- Born: May 26, 1930 Hartford, Connecticut, United States
- Died: December 7, 2015 (aged 85) California, U.S.
- Occupations: Actor, film producer
- Years active: 1959–1996
- Spouse: Joy Wilkerson (1 child)

= Anthony Cardoza =

American actor and film producer

Anthony "Tony" Cardoza (May 26, 1930 – December 7, 2015) was an American actor and film producer. A number of the B-movies that he produced are considered to be among the all-time worst, and were immortalized through Mystery Science Theater 3000.

== Early years ==
Cardoza was born in Hartford, Connecticut.

== Military service ==
Before becoming involved in the film industry, Cardoza was a staff sergeant in the U.S. Army 3rd infantry division, being a sergeant gunner on the 105 mm Howitzer in the Korean War. He was awarded two Bronze Battle Stars, the Good Conduct Medal, Korean War Medal, Sharp Shooters medal, Presidents Medal, the Syngman Rhee Presidential Medal, the Asian War Medal, and others. Just prior to an honorable discharge, Cardoza was assigned to escort deceased soldiers to their loved ones.

== Manufacturing career ==
After his discharge from the army, Cardoza worked for Pratt & Whitney Aircraft in East Hartford, Connecticut, as a Heliarc welder on J-57 Jet engines, a trade he continued making a living from for a number of years into his show business career. However, in 1963, a doctor advised him to stop welding because of chalazion forming under his eyelids.

== Film career ==
Cardoza worked on over a dozen films, but is perhaps best known for his three collaborations with Coleman Francis in the 1960s: The Beast of Yucca Flats, The Skydivers, and Red Zone Cuba.

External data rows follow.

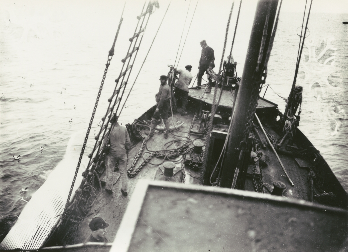 Bild från expedition i Antarktisområdet. Motiv av båt med besättning, 1912.
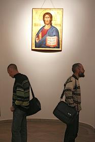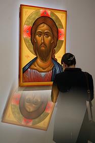 Посетитель на церемонии открытия выставки "В поисках невидимого царства" в театре "Школа…
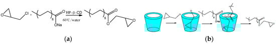 Regarding the Diels–Alder reaction, Alupei et al. [37] reported the addition reaction of cyclopentadiene with unsaturated polyester in the presence of methylated-β-cyclodextrin and synthesized a new type of polypseudorotaxane (Scheme 12a). The results indicated that the complex of cyclopentadiene with cyclodextrin was formed in water under room temperature, which greatly enhanced the stability and solubility of the monomer in water. Thus, the Diels–Alder reaction could be successfully carried out in an environmentally friendly manner by using the resulting complex of cyclopentadiene and methylated-β-cyclodextrin. The mechanism of the addition reaction of cyclopentadiene with unsaturated polyester through the inclusion complex with methylated-β-cyclodextrin was proposed (Scheme 12b).
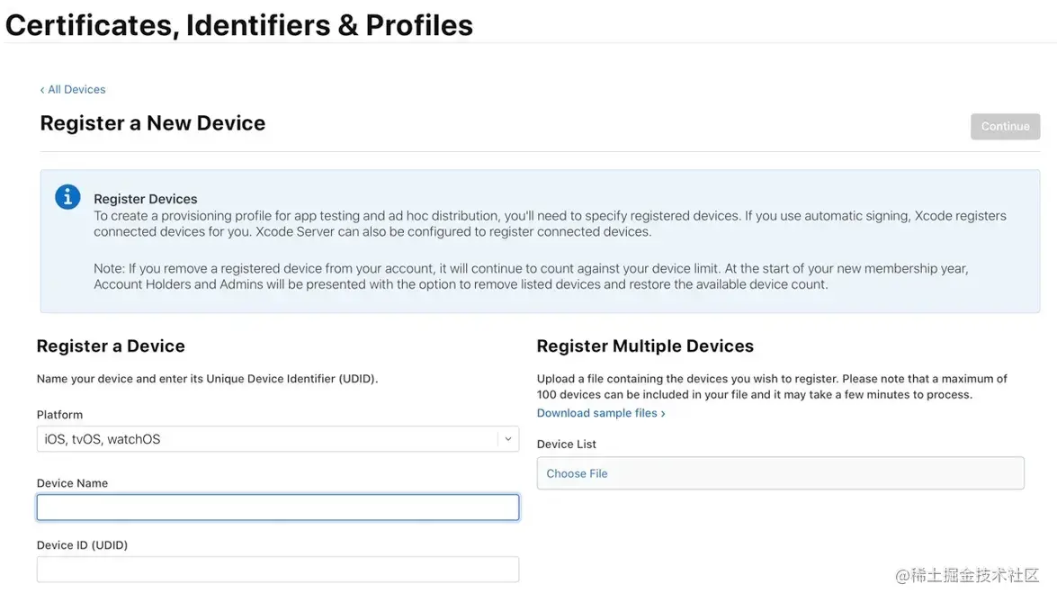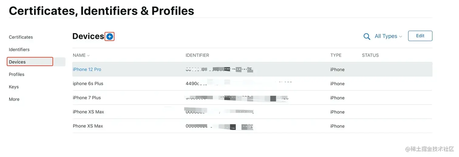 - 在证书管理页面选择 “Devices”,可查看到已添加的所有设备信息,点击页面上的加号来添加一个新设备:

Cardoza's work would be remembered in the 1990s television series Mystery Science Theater 3000, as four of his five films would be lampooned – his three collaborations with Coleman Francis, and The Hellcats.

== Personal life ==
Cardoza was married to Joy Wilkerson, an experienced auto racing driver. They had a daughter, Kim.

== Death ==
Cardoza died December 7, 2015, as a result of complications from a stroke.

== Selected filmography ==
- Final Curtain
- Night of the Ghouls
- The Beast of Yucca Flats
- The Skydivers
- Red Zone Cuba
- The Hellcats
- Bigfoot
- Outlaw Riders
- Smokey and the Hotwire Gang
- Inside Out Upside Down
- Crime of Crimes
- Raw Force
- Heated Vengeance
- Misfit Patrol

=== Television ===
- The Joy Wilkerson TV Talk Variety Show – 46 episodes writer/producer/director (1974–1975)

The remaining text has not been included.